Given $X$ a random variable in a Gamma distribution, $f(x ; \alpha,\beta)$, and:
$E(X) = \alpha \beta$
$Var(X) = \alpha \beta^2$
$\hat \alpha = $$\bar X \over \beta$
$\hat \beta = $$\frac {n \bar X^2} {\sum_{i=1}^n(X_i - \bar X)^2} $
Show that $\hat \alpha$ and $\hat \beta$ are consistent estimators.
I've spent pages and pages trying to work these into:
$$ E ((\hat \theta - \theta)^2) \to 0 \space as \space n \to \infty $$
e.g. trying to solve $ E ((\hat \beta - \beta)^2) \to 0 $ as $ n \to \infty $
but end up with pages of work often ending up with functions dependent on the other estimator, still not tending to 0 as $ n \to \infty$.
Is there any advice for solving these that somebody can give me? I feel like I'm missing a key trick.

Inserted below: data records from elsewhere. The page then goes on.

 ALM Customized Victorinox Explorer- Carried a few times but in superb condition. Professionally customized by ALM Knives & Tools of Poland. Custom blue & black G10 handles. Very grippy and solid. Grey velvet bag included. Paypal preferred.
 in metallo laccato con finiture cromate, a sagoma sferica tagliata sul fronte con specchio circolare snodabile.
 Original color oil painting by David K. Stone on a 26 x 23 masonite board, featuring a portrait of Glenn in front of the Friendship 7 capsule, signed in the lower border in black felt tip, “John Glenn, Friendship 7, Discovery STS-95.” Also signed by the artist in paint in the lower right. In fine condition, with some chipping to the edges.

For the $\hat{\alpha}$ part it should be quite straight forward. For $$\hat{\beta} = \frac {\bar{X}^2} {\displaystyle \frac {1} {n} \sum_{i=1}^n (X_i - \bar{X})^2}$$ you may apply continuous mapping theorem: Note that both sample mean and sample variance are consistent estimator, and thus you can claim both the numerator and denominator converge to something in probability, and then apply the continuous mapping theorem to combine the result.